In All Fours, Miranda July offers the story of an unexpected midlife journey, in which a semi-famous creative type (her medium and work is unspecified) sets out on a road trip from LA to New York to meet with friends and find inspiration--but impulsively exits the freeway thirty minutes from home and checks into a motel instead.
The unnamed narrator leads her (steady, unthrilling) husband and her child Sam to believe that she is following her carefully planned route and then that at the end of her cross-country adventure, she is immersing herself in the wonders of New York. But she is actually redecorating her nearby motel room (using the $20,000 windfall she was to spend on her NYC trip), wandering the nondescript town, making up stories about her New York experience, and developing an all-consuming obsession with a younger man who works at Hertz.
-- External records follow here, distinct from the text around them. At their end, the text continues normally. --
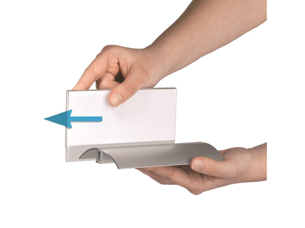 Štýlová stolová menovka s hliníkovým podstavcom. Unikátny uchytávací systém zabraňuje samovoľnému alebo neželanému vysunutiu menovky.Čítanie z oboch strán. Ideálna na konferencie, porady alebo miesta na styk so zákazníkom. Balenie 2 ks.Rozmery: 52 x 100 mm
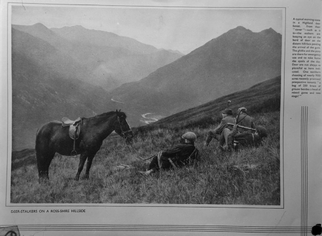 Nous voyons la photographie d'une toile représentant des chasseurs et un cheval intitulée «Deer-Stalkers on a Ross-Shire Hillside»
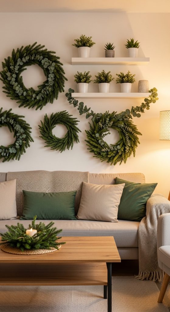 Green wall decor can transform your living room into a botanical Christmas wonderland. For this theme, use greenery as the foundation of your wall design. Start by gathering wreaths made of pine, eucalyptus, or olive branches. You can hang multiple wreaths in varying sizes for a layered look.
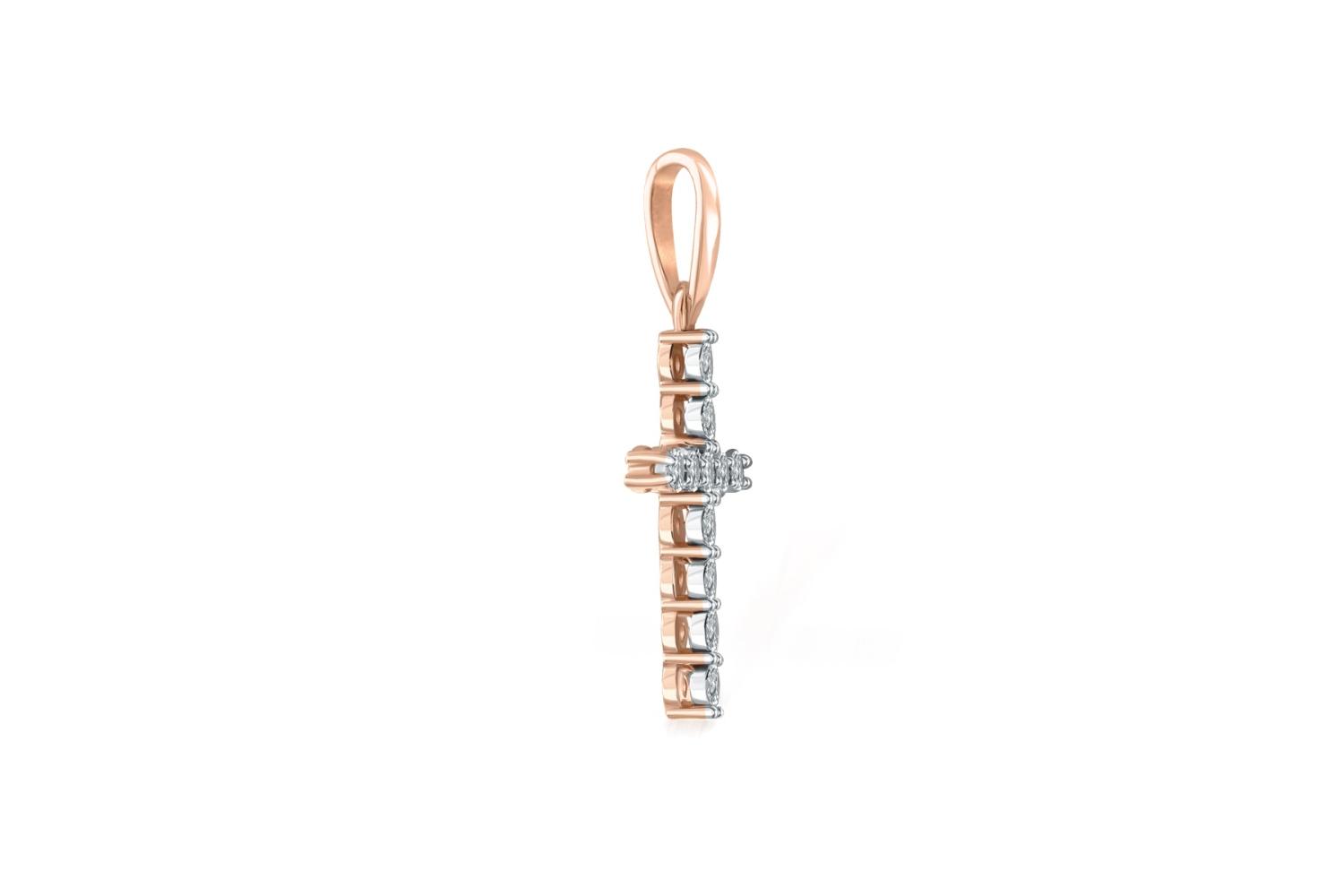 Мастера компании NEWGOLD, приложив всё свое мастерство и искусство, создали для Вас на нашем собственном производстве Подвеска Крест из красного золота с 11 бриллиантами.
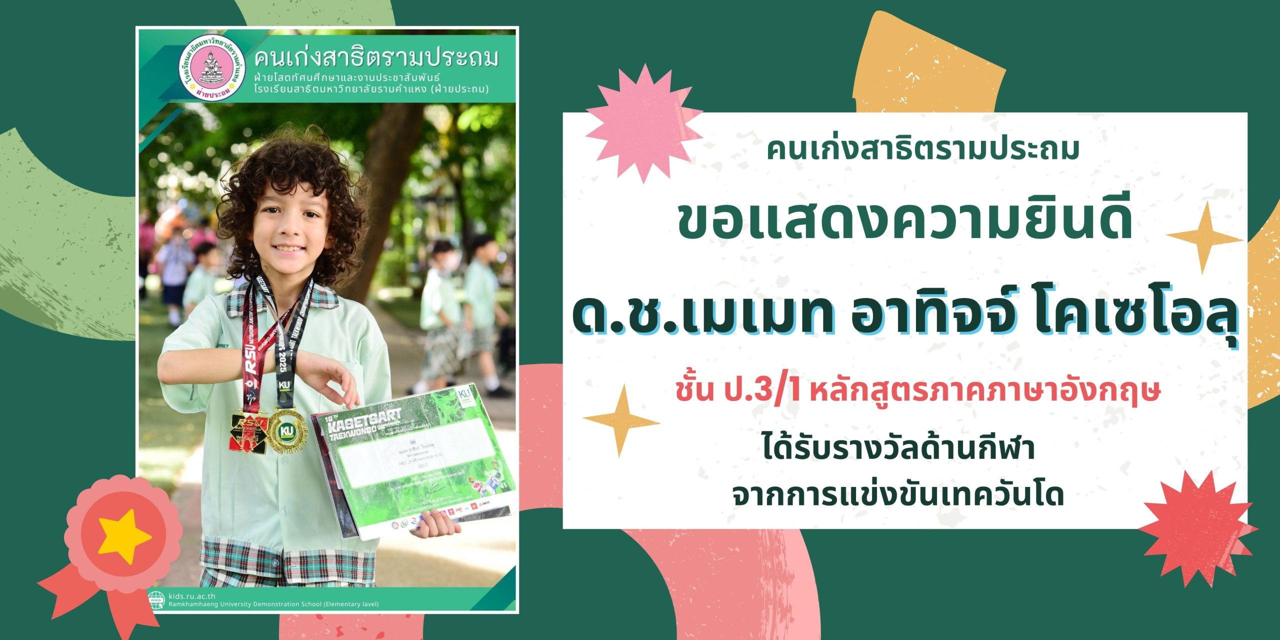 ได้รับรางวัลด้านกีฬา จากการแข่งขันเทควันโด
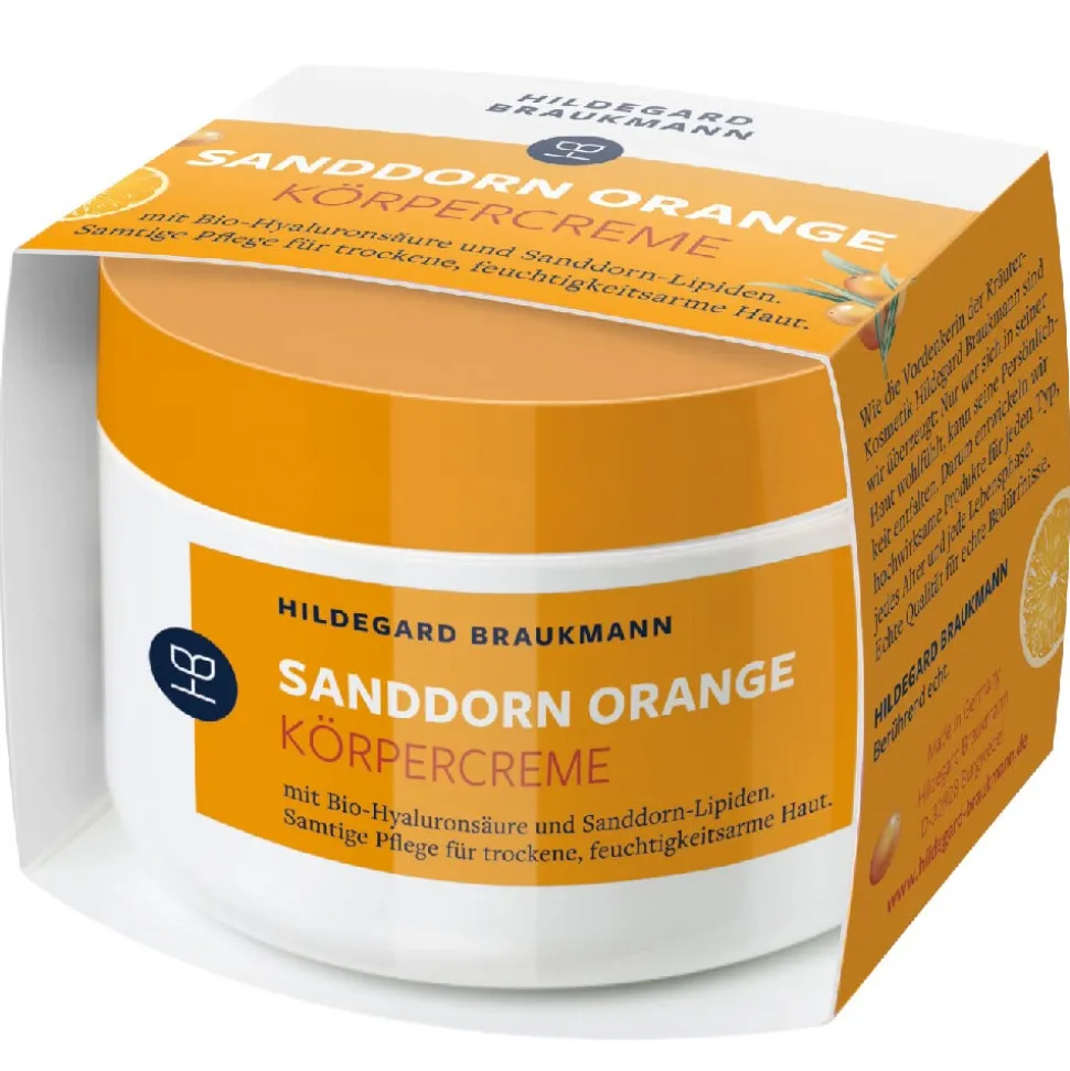 Die duftende Hildegard Braukmann Sanddorn Orange Körpercreme pflegt die Haut intensiv und ist wunderbar leicht zugleich. Hyaluronsäure ist ein hocheffektiver, hautaffiner Feuchtigkeitsspender, der Geschmeidigkeit, Elastizität und Spannkranft der Haut merklich verbessert. Sanddorn-Lipide regenerieren und stärken die hauteigene Hydrolipid-Barriere. Kakaobutter und Mangobutter pflegen und schützen. Vitamin E ergänzt die effektive Wirkstoffformel. Versorgt auch die trockene, feuchtigkeitsarme Haut optimal – für ein samtiges Hautgefühl. Fruchtiges Dufterlebnis mit natürlichem Orangenöl.

I generally feel extreme personal discomfort at witnessing others' questionable decision-making, and at times I felt as though All Fours was sent to test my limits. I had visceral reactions to some of the protagonist's choices, and, early on and often I was exhausted by her relentless, intense navel-gazing and the picking-apart of each minute detail within each of her experiences. Her revved-up sex drive was so heavily featured, it felt like its own character.
But I settled into the constant unease of traveling alongside a character whose author seemed hell bent on making the reader uncomfortable. (Beyond the main protagonist's overreaching intention to burn it all down in her life, there are extended scenes that involve bonding through cutting matted poop hair away from a dog's butt; one character's removal of a tampon from another in a bid for unorthodox intimacy; and putting hands into a stream of another person's pee for the same purpose.)
The shape of the character's primary relationship after these weeks in the hotel room is unusual (she polls her friends to determine that it is so within her circle as well) and for me was a relief, as it was an actively chosen path rather than a reactive, motel-based, lie-founded, drawn-out floundering that heavily featured and often relied upon various bodily fluids.
I appreciated the exploration aspect of the story, and ultimately I could appreciate its existence within a claustrophobia-inducing and self-imposed set of impulsively imposed and drawn-out circumstances. I laughed out loud once and did enjoy the dark humor that emerges at times.
The title references a scene in which the main character's sculptor friend is working on a headless piece of a woman on all fours, and her note that it is not the most vulnerable pose as we might think, but the most stable position for the human body.
I listened to All Fours as an audiobook.

More about Miranda July
A performance artist, actress, and director, July is also the author of the books The First Bad Man and It Chooses You and the stories No One Belongs Here More than You.